Furthermore, research carried out by System1 using campaigns and business data from the IPA Effectiveness Databank showed that advertising eliciting feelings achieved profound and positive business results, including ‘in-market penetration gain, share gain and reductions in price sensitivity’.
For further proof, here’s a B2B success story:
|Maersk, the Marvellous
In 2016, Maersk, a B2B company and the world's biggest container shipping company, reported a loss of $1.9bn. The same year, the company announced a reinvention by adding logistics and supply chain management to its portfolio.
Maersk's marketing plans encompassed a five-year brand-building plan with increased spending. To make this new direction successful, it eschewed traditional B2B tactics. Instead, Maersk used B2C strategies, including PR, innovative media planning, and alternative ways to better understand customer behaviours in and out of work. The creative concepts were humorous, fun, and imaginative and used storytelling to change brand perceptions.
The B2C approach helped drive a net profit of $18bn in 2021 and Maersk won multiple marketing awards, including a B2B Grand Prix from Cannes Lions, and appeared in Time Magazine's 100 most influential companies in 2021 and 2022.
We’ve given examples of what not to do, so what makes a good ad? Below are some best practice principles of creative advertising that can be applied to B2B work:
- Branding and distinctive elements.
- Branding and distinctive assets should feature prominently, regularly, and early on in your ad (‘Anatomy of a Great B2B Ad’). Don’t fall into the trap of having them only appear on the end card.
- This Liberty Mutual ad is a great example of branding – see how many branding opportunities are present in the first frame alone.
- Use creative that integrates with the branding – like Coco-Cola’s branded Christmas delivery truck where the creative is designed around the branding.
- Use scenarios and copy that provoke positive emotions.
- The most important emotion to elicit is happiness; surprise is a close second (see LinkedIn’s analysis).
- Also, consider the intensity of emotion.
- Characters or fluent devices.
- ‘Fluent devices’ carried over from advert to advert help viewers recognise something quickly.

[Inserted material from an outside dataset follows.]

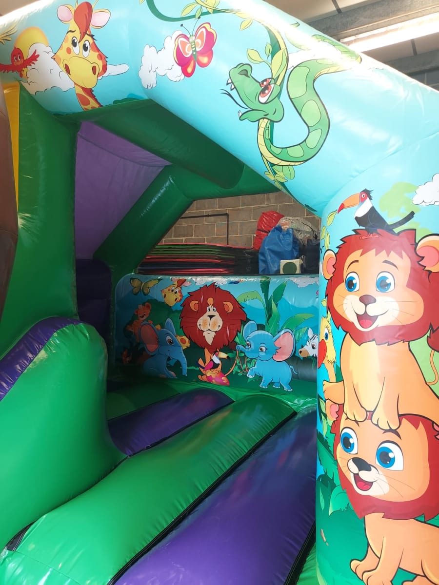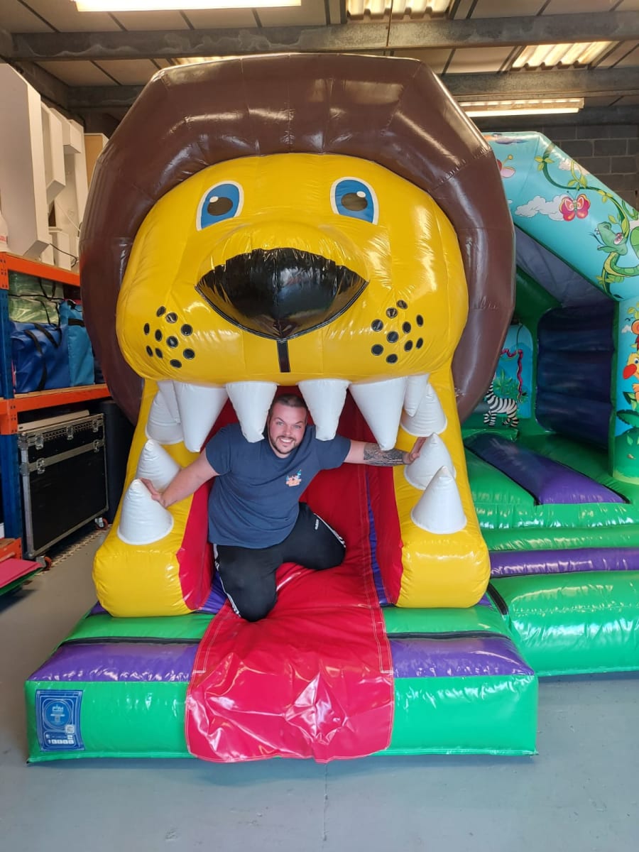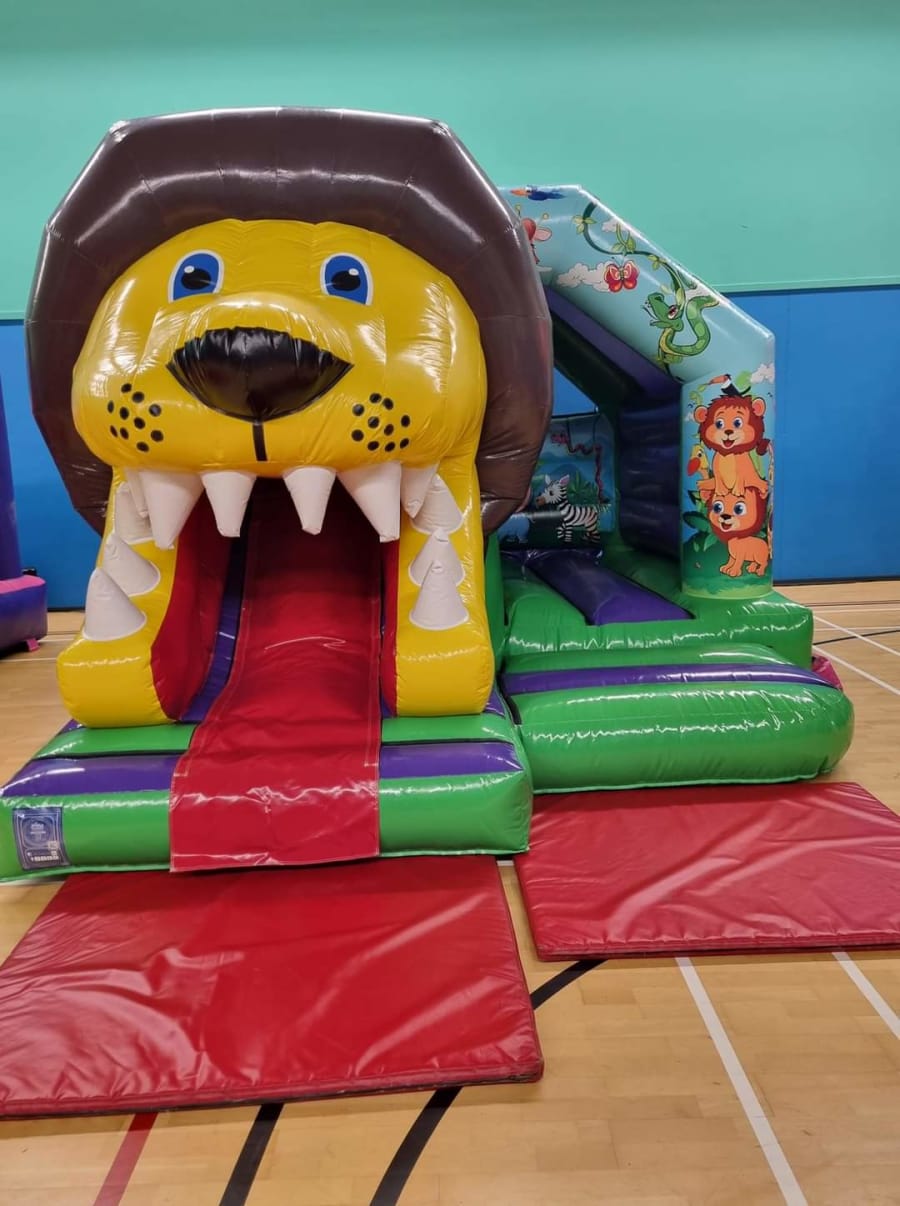 Our Jungle Bouncy Castle with Front Slide is bright and colourful with artwork standing out with lots of jungle friends. But this isn't the main feature, the huge 3D lion head with slide coming through his mouth is so eye catching. His roarsome name is Leo the lion and he wants to come to your party. These castles are the newest and best designs available on the market and add the best wow factor to any party or event.

Great fluent devices deliver positive emotion more quickly.
- Examples of fluent devices include characters, like Meerkats and Salesforce’s Astro (see the ‘living’) , or straplines, like ‘Should’ve gone to Specsavers’.
- Music or soundtrack.
- Good music has a powerful effect on positive emotions (see LinkedIn’s analysis).

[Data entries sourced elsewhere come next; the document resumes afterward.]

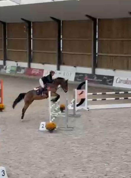 Wunderschöne Sportstute mit einer Schulterhöhe von 1,65 m, 13 Jahre alt, bereit, einem Reiter, der eine leistungsstarke Partnerin mit Chic und einem willigen Geist sucht, Freude zu bereiten. Nach der Geburt eines großartigen Fohlens im letzten Jahr (von Jensson) hat sie das Training schrittweise wieder aufgenommen und zeigt sich bereits auf 1,00 m direkt bereit, mit echtem Willen, es gut zu machen. Sie ist eine reaktionsschnelle Stute mit Präsenz im Sattel und einer schönen Energie, was sie zu einem idealen Partner für einen Reiter macht, der Pferde mit Dynamik liebt. 💥 Sportliche Qualitäten: - Bereits jetzt einsatzbereit auf 1,00 m - Entwicklungspotenzial bis 1,10–1,20 m, sobald sie wieder vollständig im Training ist - Sehr gute Technik, ehrlich und respektvoll - Elegante Bewegungen, natürlicher Gleichgewichtssinn, passt sich leicht dem Rhythmus an 💗 Verhalten & Pflege: - Im Alltag sehr angenehm, leicht bei allen Pflegearbeiten (Hufschmied, Tierarzt, Putzen, Duschen, Transport etc.) - Vielseitig im Gelände, sicher und willig - Sehr gute Mentalität, großzügig und stets bereit, für ihren Reiter zu arbeiten Sie ist perfekt für einen Reiter geeignet, der in Turnieren Fortschritte machen möchte, mit einer Stute, die Erfahrung, Qualität und eine leistungsorientierte Mentalität mitbringt. 📍 Sichtbar in Belgien ℹ️ Transport möglich 💬 Weitere Infos, Videos und Besichtigung auf Anfrage. WhatsApp: 0032479481088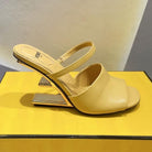 FENDI FIRST 95 MM HIGH-HEELED SANDAL IN MUSTARD YELLOW LAMBSKIN GOLD HARDWARE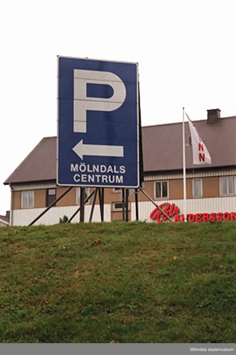 Parkeringsskylt. Anderssons Päls (Storgatan 40) ses i bakgrunden. Mölndalsbro i dag - ett skolpedagogiskt dokumentationsprojekt på Mölndals museum under oktober 1996. 1996_1135-1152 är gjorda av högstadieelever från Kvarnbyskolan 9D, grupp 1. Se även 1996_0913-0940, gruppbilder på klasserna 1996_1382-1405 samt bilder från den färdiga utställningen 1996_1358-1381.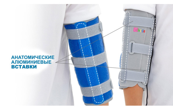 Четыре анатомических вставки, используемых в ортезе, удерживают сустав в разогнутом положении и препятствуют его сгибанию.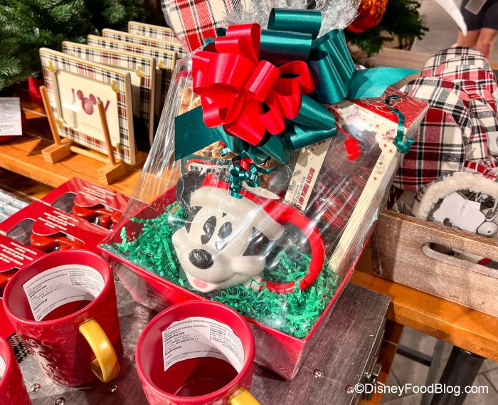 You can get a Holiday Gift Basket full of fun items, like a Santa Mickey mug!

- All music must match the sentiment of the ad.
- Buying situations, context, and storytelling.
- All advertising needs to link to ‘situational awareness’. Customers need to connect your ads to how and why they will buy your products, so invest in campaigns that showcase your core buying situations.

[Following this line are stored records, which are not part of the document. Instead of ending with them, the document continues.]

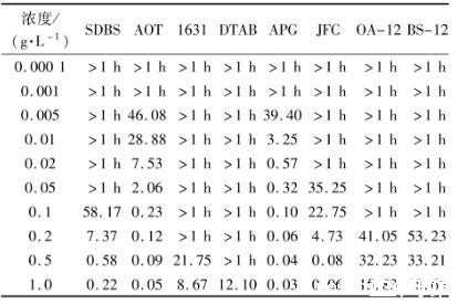 2)表面活性剂溶液的表面张力与其自身性质及浓度密切相关。8种表面活性剂溶液表面张力随浓度的增大先减小后在临界胶束浓度附近稳定,其表面张力均远小于水的表面张力。因8种表面活性剂的性质不同,临界胶束浓度值和表面张力值分别在0.04~053 g/L和25.61~34.79 mN/m之间差异较大。8种表面活性剂按降低溶液表面张力的能力由强到弱排序为:APG>AOT>JFC>SDBS>OA-12>BS-12>1631>CTAB,非离子>阴离子>两性型>阳离子。非离子表面活性剂APG形成胶束和降低表面张力能力均为最佳,其临界胶束浓度为0.04 g/L,表面张力为25.61 mN/m。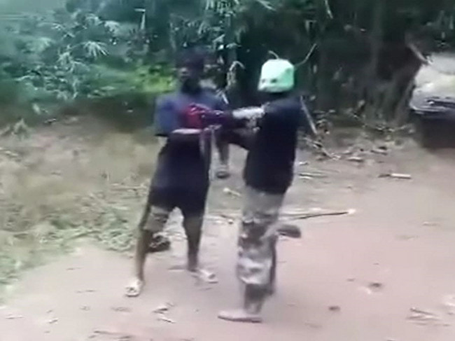 gif_animation ナイジェリアにて、カルト教団の ”絶対に死なないお守り” を持った信者を、別の信者がライフル銃で撃つ衝撃動画。案の定信者は「その後死亡」しているが、教団によるとこのお守りを持っていて死亡した人間は彼が初めてだそうだ。
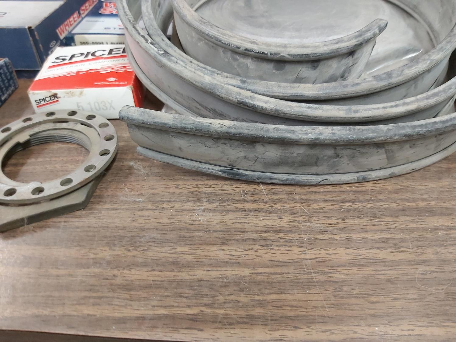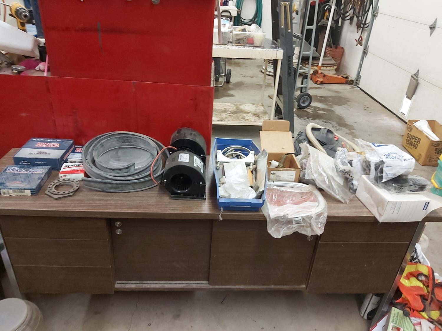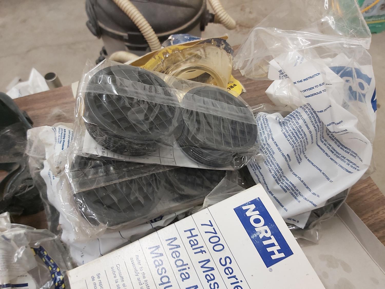(2) mask respirators with filters, miscellaneous goggles, blower, miscellaneous truck wheel seals, (2) garage door seals, miscellaneous parts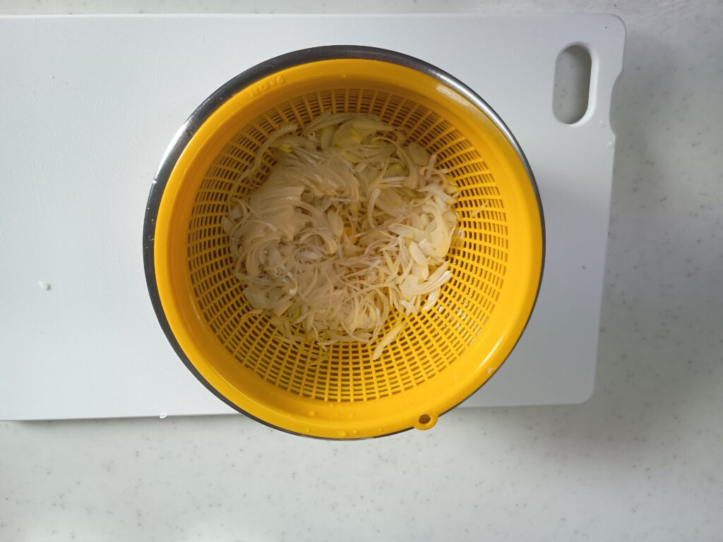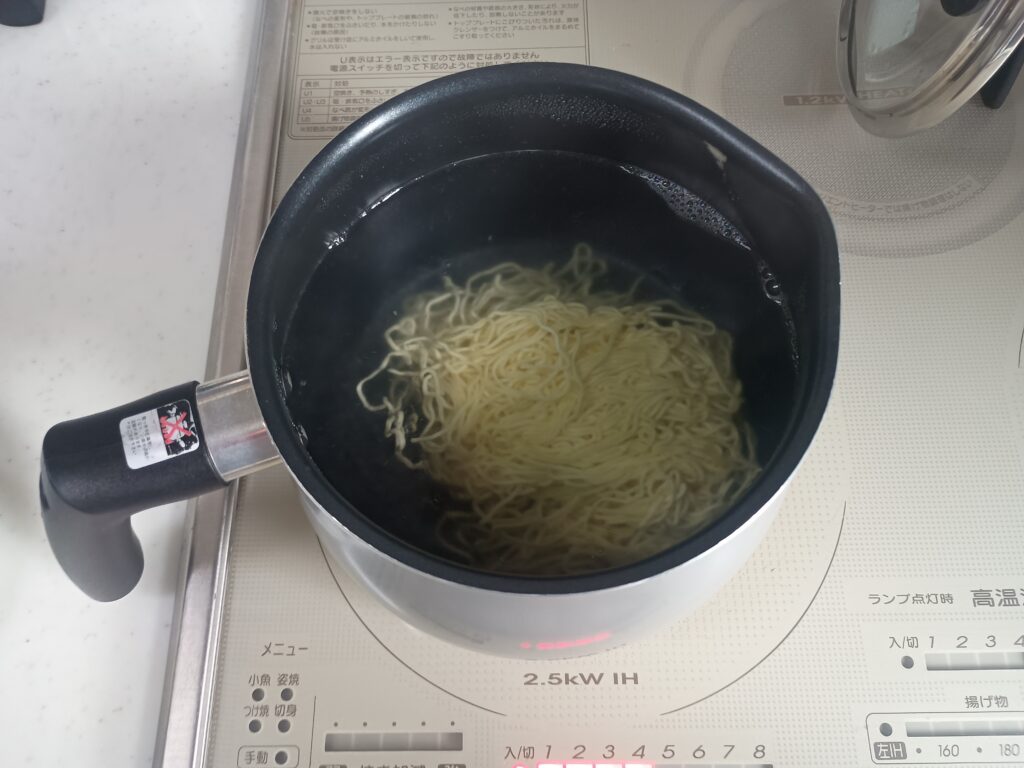 麺がぬるくなっていますので、水を切った後に熱湯をかけて温め直します。その後またお湯を切ってください。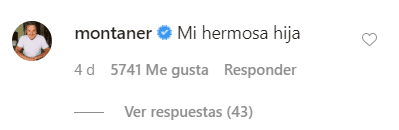 La hija de Ricardo Montaner, Evaluna, conquistó las redes sociales al compartir una fotografía donde luce un sensual bikini negro con estampado con llamas, misma a la que reaccionaron su padre y su esposo.“Me gusto”, escribió la venezolana de 22 años en la cabeza del post que tiene ciento de comentarios positivos, incluyendo el de Camilo. “Venga le digo…”, dijo.Algo que también sorprendió a los seguidores de la cantante y actriz fue la reacción de su padre, Ricardo Montaner, quien con un breve mensaje halagó a su hija.“Mi hermosa hija”, escribió y el comentario rápido recibió el apoyo de los fans con “me gusta” y algunos comentarios. Hasta el momento, la publicación cuenta con casi dos millones de “me gusta” en Instagram. Evaluna Montaner y Camilo Echeverry se casaron en febrero pasado en Miami luego de cinco años de relación, misma que ha sido bien recibida por los fans de ambos. AC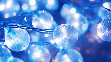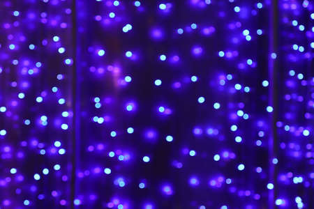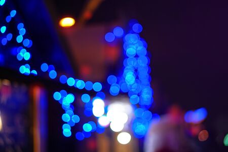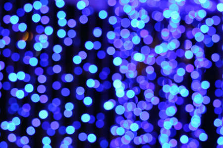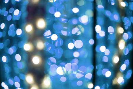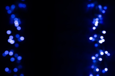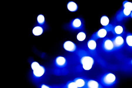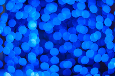 bright blue lights bokeh effect from festive garland light unfocused blurred abstraction

- Focus on citing your products in societal or medical contexts to make them relevant, interesting, and alive (rather than listing product features).
- Create memories and commit to your creation: run campaigns for longer and use more channels.
- Say no to stop-and-start advertising campaigns and disposable ads.
Being creative and using tactics such as storytelling and characters to build emotion into advertising campaigns pays dividends by creating memory structures that, in turn, make your brand memorable. This memorability helps you be the brand of choice and therefore gets you more market share.
A final word from a customer’s perspective
It is tempting to view B2B customers solely through a B2B-business lens. But remember that these people who buy toothpaste, holidays, and home insurance are also your customers. Your B2B audience is already aware of and moved by B2C creative advertising. So why not B2B creative advertising too?
A creative approach elicits emotions, creates memories, and increases market share.
So, what’s stopping you? Be more creative!